Bond Markets Brace for Billion Dollar Question From Japan
This article from Bloomberg may be of interest to subscribers. Here is a section:
Market watchers are bracing for volatility, should Japanese investors increase their sales of foreign securities and bring some of that cash home. Dai-ichi Life Holdings Inc., a life insurer with one of Japan’s largest institutional portfolios, said last month that it’s shifting more money to domestic bonds from US Treasuries and other foreign securities.
Some strategists expect the insurers to stay focused on domestic bonds, particularly longer-dated ones, with hedging costs for foreign investment still at elevated levels. Others see the potential for the overseas outflows to reverse, with the Federal Reserve expected to moderate the pace of its rate hikes and new BOJ governor Kazuo Ueda seen eventually tweaking policy.
Mizuho Securities Co. Chief Desk Strategist Shoki Omori expects life insurers to stay focused on domestic debt partly because they need to hold an additional ¥35 trillion of long-maturity Japanese government bonds to meet asset-liability management requirements by April 2025, when a new solvency regime will be implemented. In addition, controlling currency risk is too expensive now.
“They will continue to be cautious on overseas bonds as they see high grade bonds including sovereigns such as Treasuries being too rich on both a hedged and unhedged basis,” Tokyo-based Omori said. “Hedging costs are too high at around 5% and the dollar-yen is too high to go outright at current levels.”

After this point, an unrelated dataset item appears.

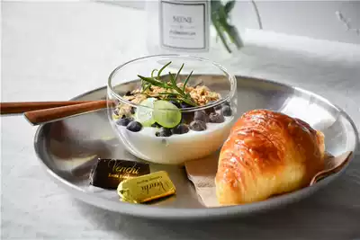 ins hot sale sanding stainless steel double-layer round plate Breakfast plate shooting props Nordic stainless steel plate

Holding Treasuries was no party for investors over the last couple of years. That was doubly troublesome for Japanese investors when the Dollar peaked last year.
The iShares Core 7-10 Year Treasury bond JPY Hedged ETF lost half its value and is still trending lower. Everyone is aware that the higher yields go, the better the long-term outlook is for returns when rates eventually do peak. However until that happens there is a risk yields will continue to rise.
The less remarked on reason for combatting inflation is to create a sustainable market for Treasuries. That’s highly desirable for the US government when they are running a several hundred billion dollar deficit. Until inflation is back under some semblance of control uncertainty will rein in the Treasury market. Speculation on two more rate hikes instead of one weighed on both Wall Street and gold today.
Meanwhile, the Nikkei-225 got a significant boost today Fast Retailing’s (Uniqlo’s parent) earnings. The Average is back testing the upper side of its yearlong range.